Mallory Bouchee Satre | December 6, 2017

Corr Cronin’s Steven Fogg, David Edwards, and Mallory Satre, serving as pro bono counsel in cooperation with Legal Voice and Stoel Rives, have obtained the re-issuance of a preliminary injunction protecting individuals from the release of their personally identifying information in response to a Washington Public Records Act request.  The John and Jane Doe Plaintiffs include researchers, health care workers, and employees of entities affiliated with the University of Washington’s Birth Defects Research Center.  The Does filed a federal class-action lawsuit seeking an injunction to prevent the release of their names and personally identifying information to anti-abortion activists seeking documents related to fetal tissue research.  The Plaintiffs did not oppose release of the documents themselves, but objected to release of unredacted documents containing their personally identifying information (i.e. names and addresses).  U.S. District Judge James Robart’s order reissued a preliminary injunction that was first imposed in November 2016, allowing release of the records with redactions of the Plaintiffs’ personally identifying information.  Judge Robart’s ruling recognized exemptions to the Washington Public Records Act based on the Federal and Washington Constitutions, namely the rights of association and privacy.

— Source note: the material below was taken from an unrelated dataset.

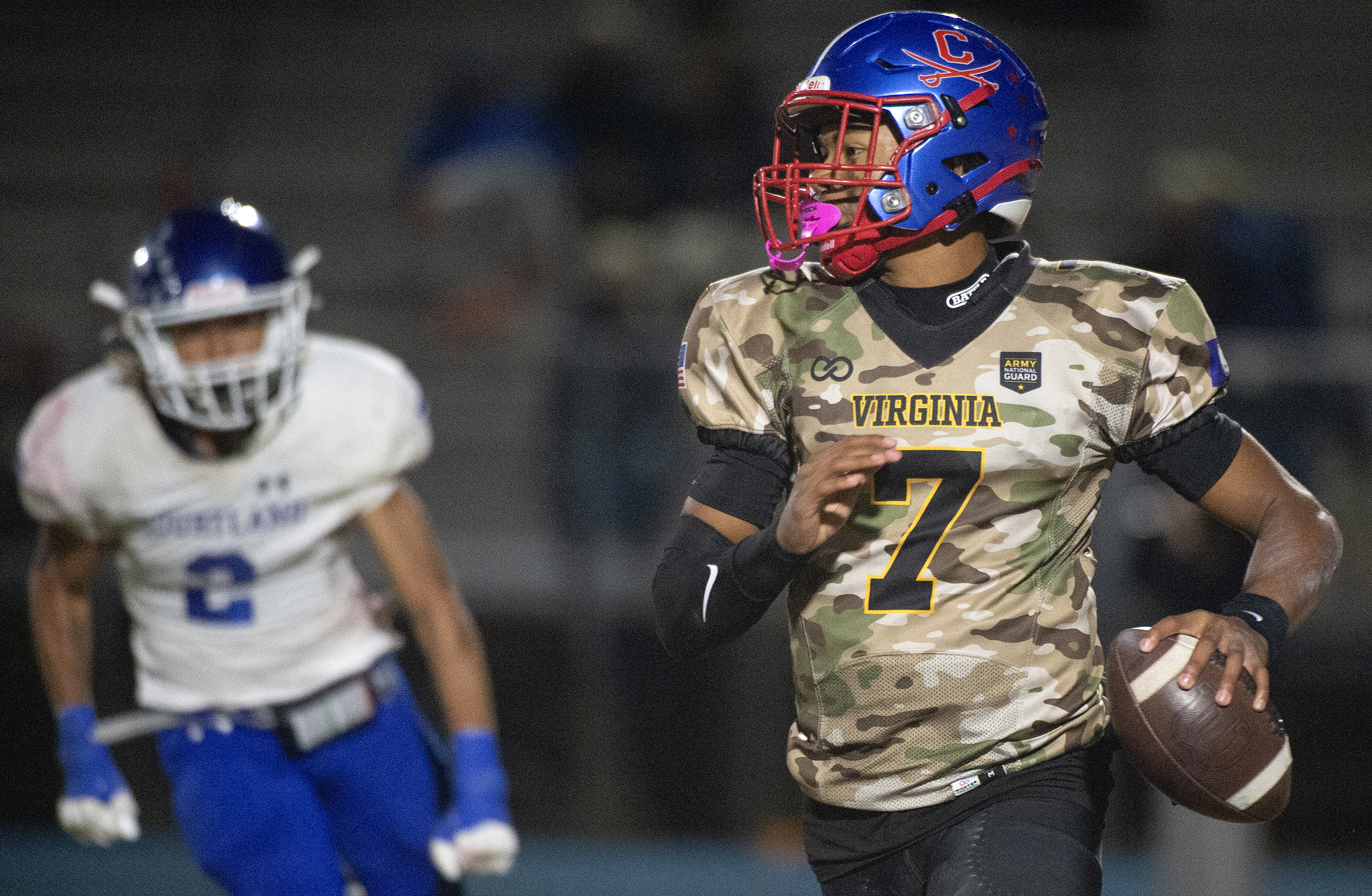 Courtland QB Chieftan Watson (7) breaks into an open field run against the Cavaliers as the Cougars defeat Caroline 28 to 21 Friday October 24, 2025. Photo by Jeff Kearney.

Right of Association – Judge Robart found Plaintiffs provided sufficient evidence showing that disclosure of personally identifying information would violate the Plaintiffs’ rights of association and expressive activity under the Washington and Federal Constitutions.  The Plaintiffs are associated with entities that advocate for or engage in women’s reproductive health services and fetal tissue research.  The Court found that associational rights extend not only to the actual underlying advocacy or research taking place, but to those individuals providing administrative or staff support.  As support is inseparable from the First Amendment protected activity of the organizations being supported, Plaintiffs are entitled to the same First Amendment protections as the organizations for which they work.  The Court found that this associational right was in need of protection in this case because Plaintiffs provided ample evidence of the past and present threats and harassment they face due to their associational ties with the organizations at issue.

Right to Privacy – Judge Robart also found that the redaction of Plaintiffs’ personally identifying information was required by the privacy protections in article 1, section 7 of the Washington State Constitution.  Pursuant to this provision, the Plaintiffs are entitled to an expectation of privacy in their personally identifying information if it could be reasonably expected that release of this information in this context would subject the Plaintiffs to threats, harassment, and greater harms.  Although the law sometimes allows an intrusion on privacy if there is a countervailing need, the Court found an intrusion was not justified here.  The purpose of the Washington Public Records Act is to provide broad access to public records to ensure government accountability, and disclosure of the Plaintiffs’ personally identifying information would not assist the public in monitoring the government.  The Court therefore held that the Plaintiffs have a constitutionally protected expectation of privacy in their personally identifying information in this circumstance.